Even though the training accuracy reached upto 65%, the test set accuracy for the first 10 samples reached 70%.

INSIGHTS

Speech Emotion Recognition (SER) is an area of research that focuses on the automatic detection of human emotions through speech. There are a wide range of potential applications for SER, including mental health diagnosis, customer service, and the development of virtual assistants that can adapt to the emotional states of their users.

One of the key challenges in developing effective SER systems is the complexity of human emotions. Emotions are multifaceted, and can be influenced by a wide range of factors, including culture, personality, and situational context. Additionally, emotions are not always expressed in a clear or consistent manner, which can make it difficult to extract meaningful features from speech signals.
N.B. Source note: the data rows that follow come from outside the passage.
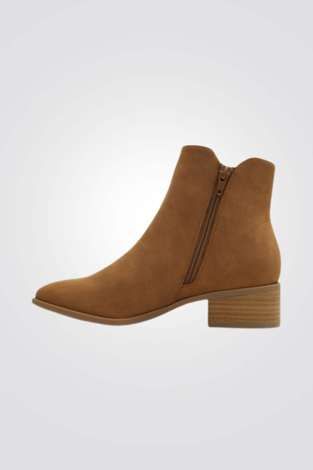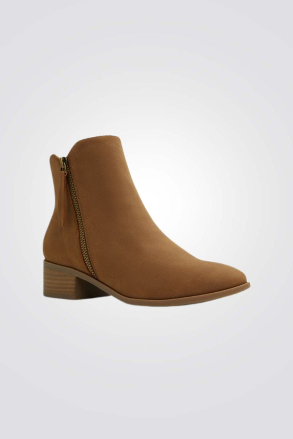 מגפונים דמוי עור מבית המותג CALL IT SPRING עם חרטום בצורת שקד, רוכסן צדדי עקב בלוק נמוך. עשויים מ-100% חומרים טבעוניים ומדרסים נוחים בטכנולגויית ™B.E.D Foam.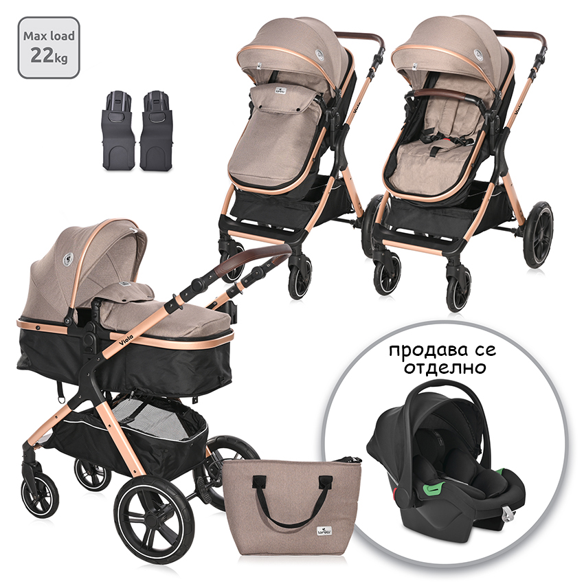 Рамата на количката е съвместима със Столче за кола Lorelli Aria Luxe, с помощта на адапторите включени в комплекта (предлага се отделно);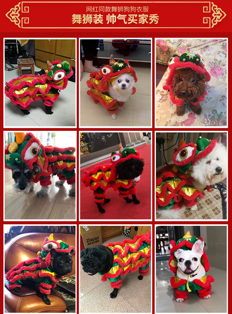 사자 댄스 개 옷 애완 동물 재미 사자 fadou 변신 원피스 테디 팬더 고양이 새해 축하 새해 원피스스토어 가기

Despite these challenges, there has been significant progress in the field of SER in recent years. Advances in machine learning and deep learning algorithms have made it possible to develop models that can extract more nuanced and complex features from speech signals. Additionally, the availability of large annotated datasets has made it possible to train and evaluate these models at scale.

One of the key applications of SER is in mental health diagnosis. There is growing interest in the use of machine learning algorithms to automatically detect signs of mental health disorders, such as depression and anxiety, through speech. These algorithms can analyze a range of features, including pitch, intensity, and speech rate, to identify patterns that are associated with specific emotional states. This has the potential to improve access to mental health services, particularly in underserved communities where access to mental health professionals may be limited. Another potential application of SER is in customer service. SER models can be used to analyze customer interactions with chatbots or virtual assistants, in order to better understand the emotions and needs of the customer. This can help to improve customer satisfaction and loyalty, as well as enable more personalized and effective interactions.

In order to develop effective SER systems, it is important to have access to high-quality data. This data should be diverse, representing a wide range of emotional states and contexts. Additionally, the data should be annotated with accurate labels that reflect the true emotional states of the speakers. This can be challenging, as emotions are subjective and can be difficult to define or measure in a consistent manner. Finally, it is important to consider the ethical implications of SER. As with any technology that involves the analysis of personal data, there is a risk of misuse or unintended consequences. It is important to consider issues such as privacy, consent, and bias in the development of SER systems, and to ensure that these systems are used in a responsible and ethical manner.

In conclusion, SER is a rapidly evolving field with a wide range of potential applications. While there are significant challenges to be addressed, the development of effective SER systems has the potential to improve access to mental health services, enhance customer experiences, and facilitate more personalized and effective interactions with technology. As the field continues to evolve, it will be important to ensure that these systems are developed and used in a responsible and ethical manner.

References

Blanton, S. 1915. “The Voice and the Emotions.” Journal of Speech 1 (2): 154–72.

Marsella, S, and J Gratch. 2014. “Computationally Modeling Human Emotion.” Commun. ACM 57 (12): 56–57.

Schuller, Björn W. 2018. “Speech Emotion Recognition: Two Decades in a Nutshell, Benchmarks, and Ongoing Trends.” Commun. ACM 61 (5): 90–99. https://doi.org/10.1145/3129340.

Steven, Livingstone, and Russo Frank. 2018. “The Ryerson Audio-Visual Database of Emotional Speech and Song (RAVDESS).” PLoS ONE 13 (5).

Williamson, John Decatur. 1978. “Speech Analyzer for Analyzing Pitch or Frequency Perturbations in Individual Speech Pattern to Determine the Emotional State of the Person.” Google Patents.